Chewing gum may stimulate gastrointestinal motility, with beneficial effects on postoperative ileus suggested in small studies. The primary aim of this trial was to determine whether chewing gum reduces length of hospital stay (LOS) after colorectal resection. Secondary aims included examining bowel habit symptoms, complications and healthcare costs.

Methods:

This clinical trial allocated patients randomly to standard postoperative care with or without chewing gum (sugar-free gum for at least 10 min, four times per day on days 1–5) in five UK hospitals. The primary outcome was LOS. Cox regression was used to calculate hazard ratios for LOS.

Results:

Data from 402 of 412 patients, of whom 199 (49·5 per cent) were allocated to chewing gum, were available for analysis.
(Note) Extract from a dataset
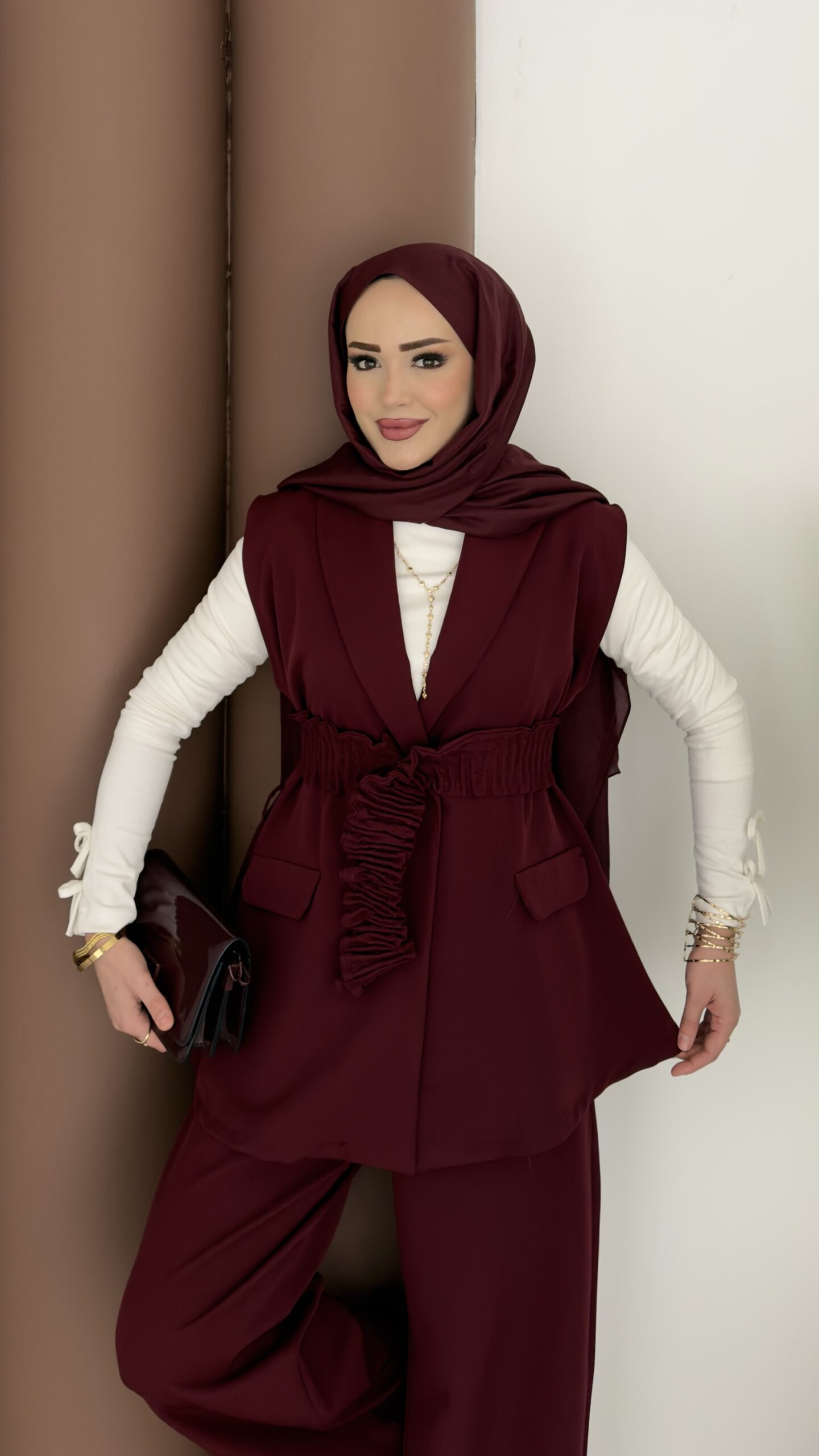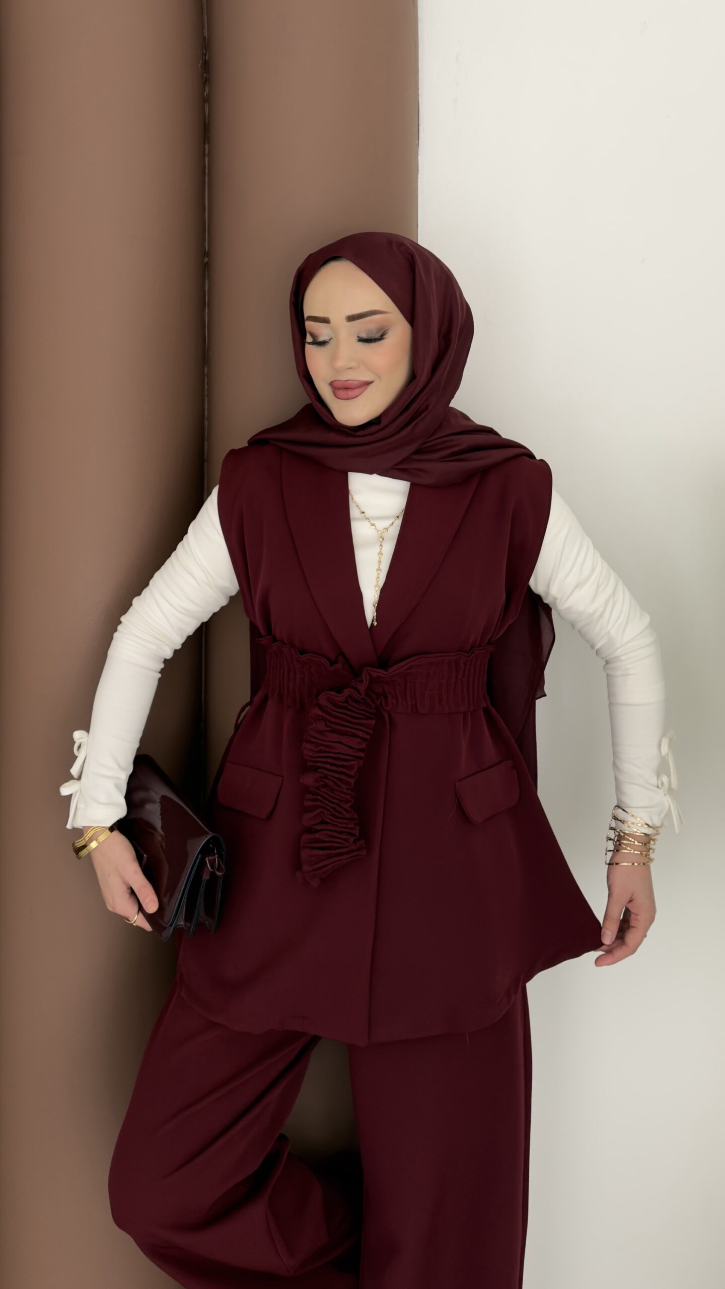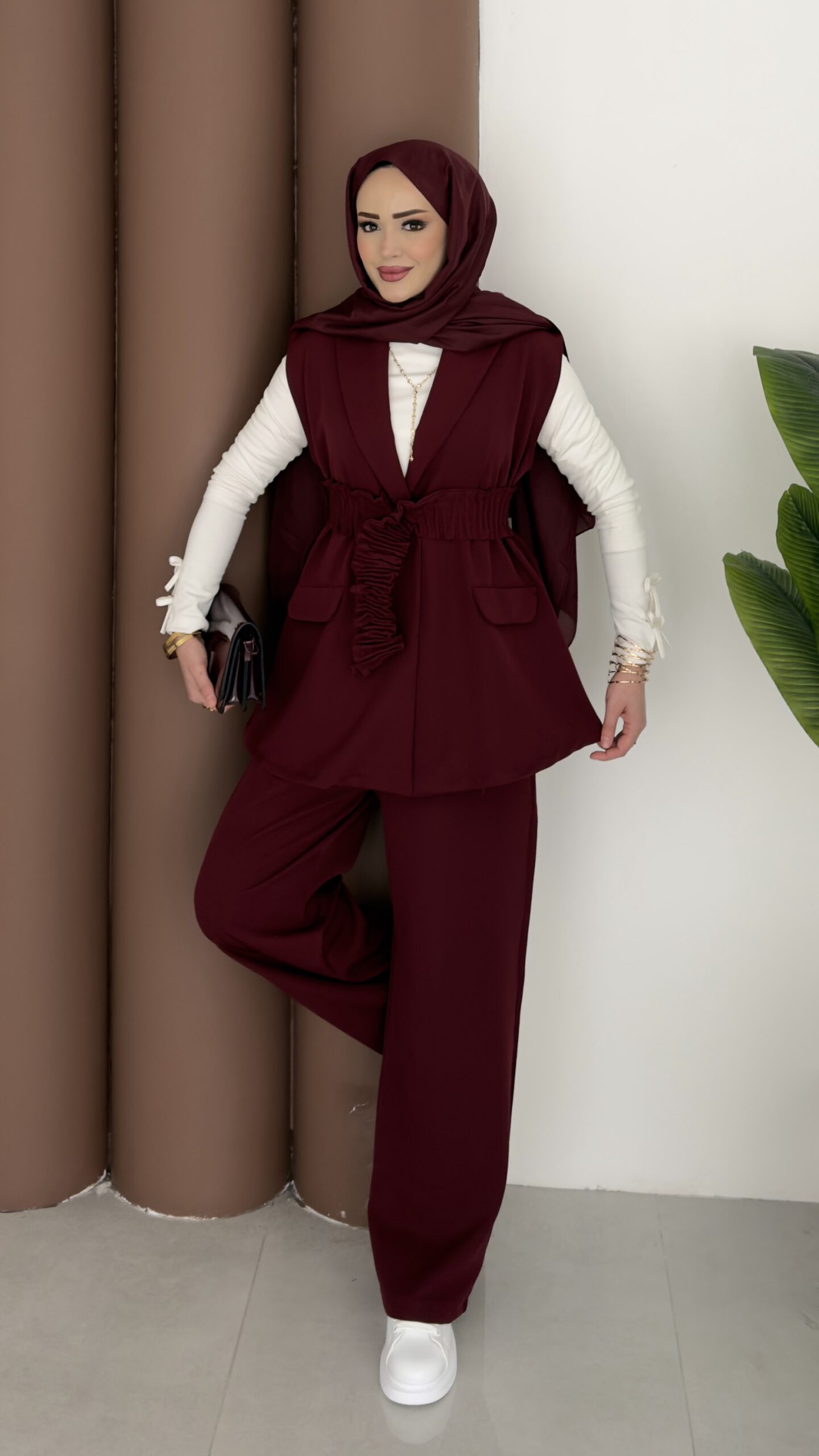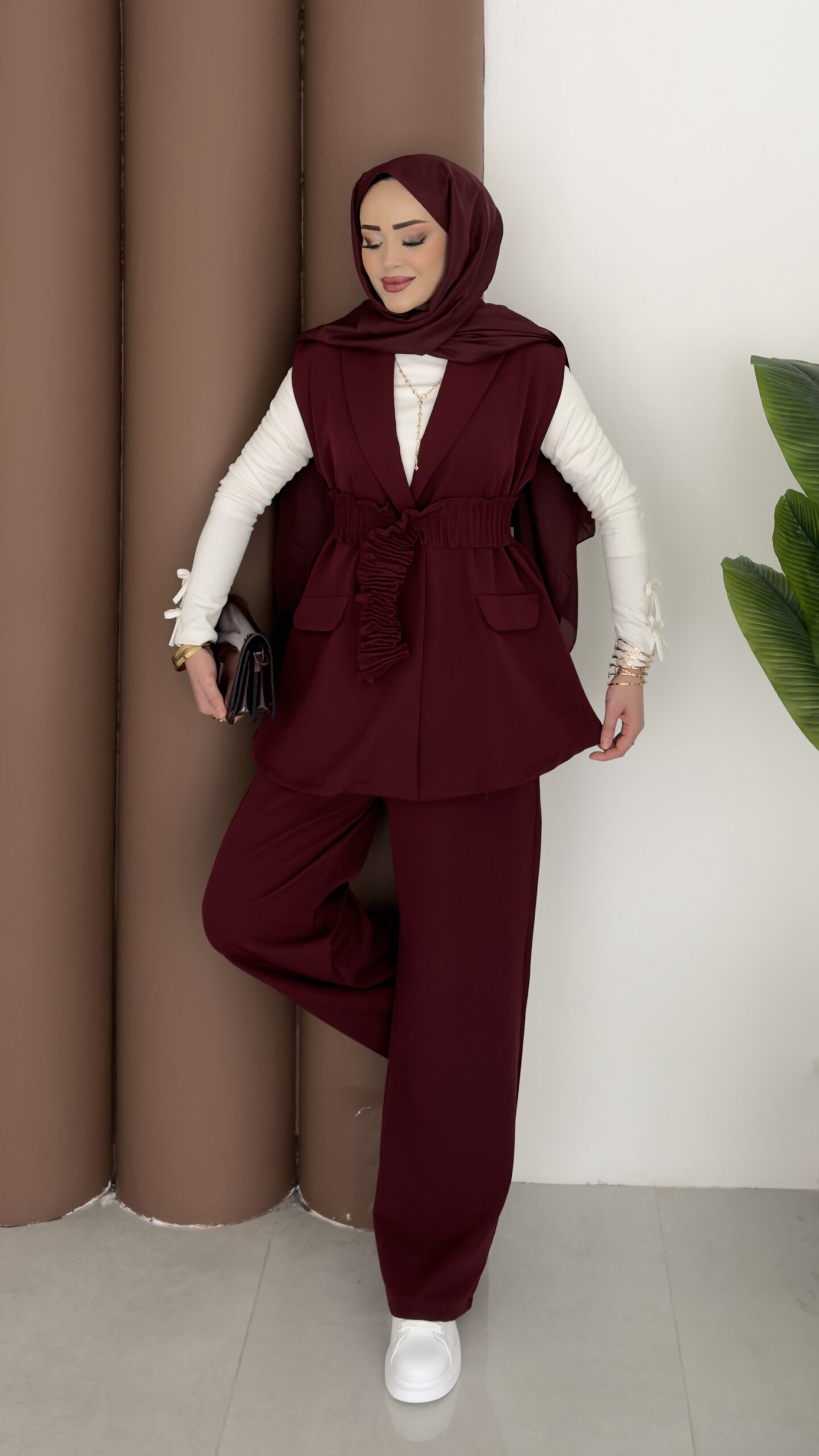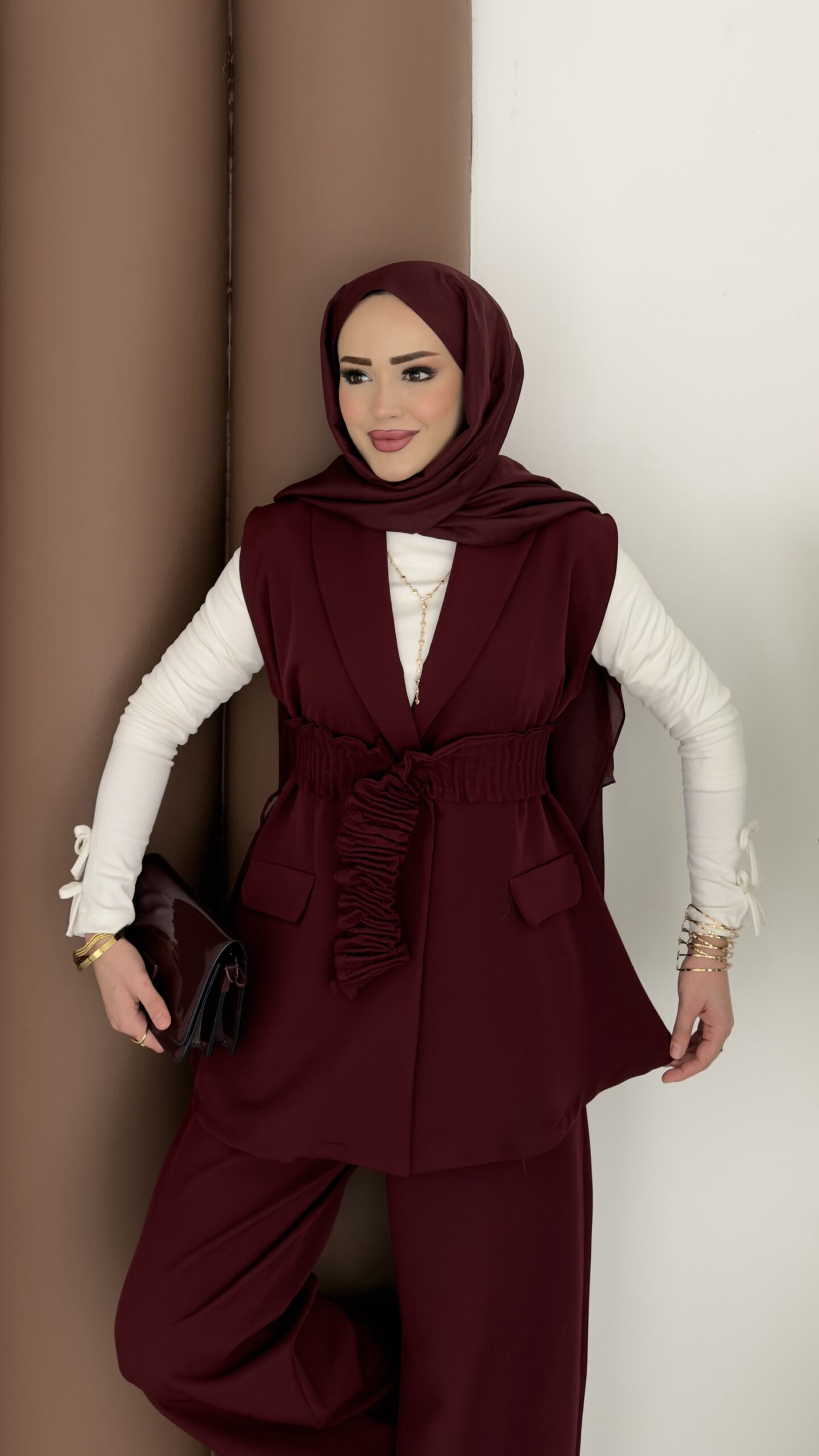 Carel Double Yelekli İkili Takım – Bordo

Some 40 per cent of patients in both groups had laparoscopic surgery, and all study sites used enhanced recovery programmes. Median (i.q.r.) LOS was 7 (5–11) days in both groups (P= 0·962); the hazard ratio for use of gum was 0·94 (95 per cent c.i. 0·77 to 1·15;P= 0·557). Participants allocated to gum had worse quality of life, measured using the EuroQoL 5D-3L, than controls at 6 and 12 weeks after operation (but not on day 4). They also had more complications graded III or above according to the Dindo–Demartines–Clavien classification (16versus6 in the group that received standard care) and deaths (11versus0), but none was classed as related to gum. No other differences were observed.